One side benefit of this is that this could be an opportunity to get Christian approved for Soliris treatments now, rather than being forced to wait until the time of transplant.

Definitely a silver lining, if there ever was one.

We will update with more info as it comes in over the coming weeks.

Take care.

Kiki's Dad

Friday, August 5, 2011

Bad news: Christian has had a mild retinal stroke

Well this is news that has come from left field. As you know, with these kids, things can be going well for quite some time and then seemingly out of nowhere they present with some new issue.

Christian got sick yesterday and then lost vision in his left eye. At first we thought it might be blood pressure related. We got him to a specialist who examined him and determined that he has had a mild stroke in his left eye. He does not think it is blood pressure related as he reviewed Christian's home logs from his daily dialysis and his pressures have been ok.

We are bringing him to TCH to get an MRI done. At this point most of his vision has returned, but he cannot see peripherally - he has essentially a tunnel vision in that eye.

Will update you all with more info as we get it. Keep us in your prayers. Thanks.

Kiki's Dad


Wednesday, January 26, 2011

Updates for 2011

Well it is hard to believe that more than 2 years have passed since we have posted regular updates. Looking back on the posts from 2008, there were so many changes going on with Christian's care. We were really experiencing daily trials while learning how to handle life with this new method of dialysis + the job loss post-Katrina and the endeavor of self employment.

A lot of water has passed under the bridge in 2009 and 2010 and I can tell you that it has been a tremendous experience of lows and highs. I'll go into more detail with posts to follow.

For Christian's care, there has been some miraculous advancements in the field of study for his disease. The short story is that the wonderful genetics team at the Univ of Iowa have run the protein chain and figured out 3 or 4 'triggers' that cause Atypical HUS. We know now why Christian's body does what it does. Wow.

And almost on divine queue, a new drug emerges, Soliris, that turns out to be a silver bullet for stopping the progression of Atypical HUS in it's tracks! Mega wow.

Soliris has been in clinical trial for about 18 months now and has what I believe is a 100% success rate in halting the bad part of the Atypical HUS progression.
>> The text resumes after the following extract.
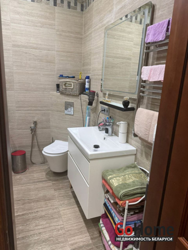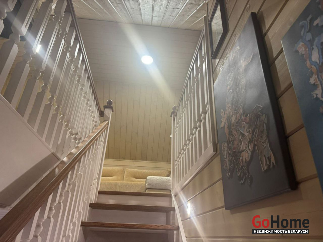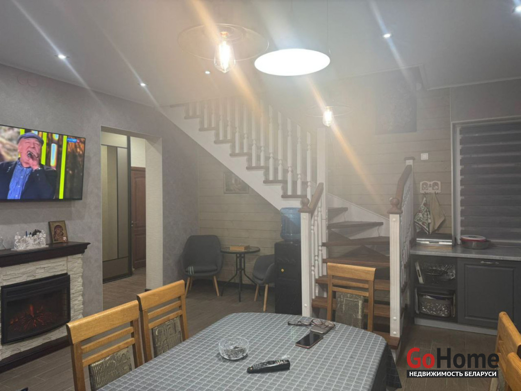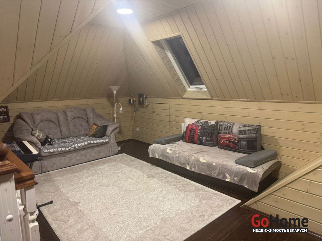 Благоустроенный коттедж для круглогодичного проживания Благоустроенный коттедж для круглогодичного проживания в 25 км от Минска, в оазисе природы и спокойствия. Расположен в газифицированной деревне Гореновка, Брестское направление. Дом 2021 года постройки, общая площадь -140,9 кв.м.: - 2 (два) этажа: на 1 этаже – кухня-гостиная 27 кв.м, две жилые комнаты(10.1 кв.м. и 12.8 кв.м.), веранда застекленная по всему периметру 14.8 кв.м. с выходом на улицу, санузел 6.2 кв.м., техкомната для управления домовыми коммуникациями (топочная). Напольное покрытие на 1 этаже –плитка с подогревом; на 2 этаже (мансардный этаж) - обустроенная бильярдная 26.7 кв.м. и комната отдыха 24.5 кв.м.; - дизайнерский ремонт, высококачественные материалы, итальянская плитка, камень, итальянские обои, качественная мебель и бытовая техника; - утеплен и оштукатурен снаружи и внутри; - возведен из керамзитобетонного блока, с наружным утеплением пеноплексом 100 мм + фасадная сетка, затем декоративная штукатурка; - разведена вся электрика согласно проекту; - вода в доме из своей скважины и центральная (по выбору); - газовое отопление; - асфальтированная дорога к дому; -въезд на участок оборудован откатными воротами с дистанционным управлением; -по периметру дом огорожен бетонным забором с теснением «под камень». Благоустроенный участок - 0,1622 га: - правильной ровной формы; - с ландшафтным дизайном; - покрытие дорожек, парковки из крупноразмерной тротуарной плитки; - подсветка участка; - на участке различные плодовоягодные насаждения ( яблони, груши, черешня, кизил и др.), а также цветовые декоративные островки; - декоративный деревянный мостик с подсветкой над маленьким прудиком; - при въезде на участок справа и слева высажены туи; - разведены трубы по участку для удобного полива. На участке, также, расположены: - 2(двух) этажная БАНЯ с внутренним отоплением, санузлом, душевой и гостевой комнатой с лоджией на втором этаже; - крытый большой бассейн с подогревом воды и подсветкой - большая летняя кухня с барбекю, оснащена роль-шторами, позволяющими в летний период использовать её как беседку для отдыха; - гостевой домик с санузлом; - большая теплица; - домик для технического инвентаря. Хорошие подъездные пути к дому, асфальтированная дорога, в пешей доступности Белоцапельный пруд. Дом построен с любовью и знанием дела, использованы качественные материалы и учтены все современные технологии! Это место — настоящая мечта для тех, кто ценит природу, свежий воздух, тишину и комфорт. Вокруг царит гармония и спокойствие.

It does not stop Christian's body from initiating the progression of trying to fight infection, which is great, but it takes over the role of protecting his body, which happens normally in people without the deficiency of HUS.

In layman's terms I present it this way: It does not stop the team from taking the ball down the court on you (the body's immune system response), but it is like putting Shaq right in front of the goal and he swats away every single attempt of the opponent to slam dunk the ball (killer cells) into the basket (your healthy cells).

Of course, Soliris is the most expensive drug the world has ever seen (more than $400k per year at full dosing, google search Soliris and Forbes magazine for a neat article Forbes Article - World's Most Expensive Drugs) but we'll cross that path when we get there.

So, for 2011 we are working towards transplant + Soliris. And getting our son set up for a long, long run at life. THAT is answered prayer.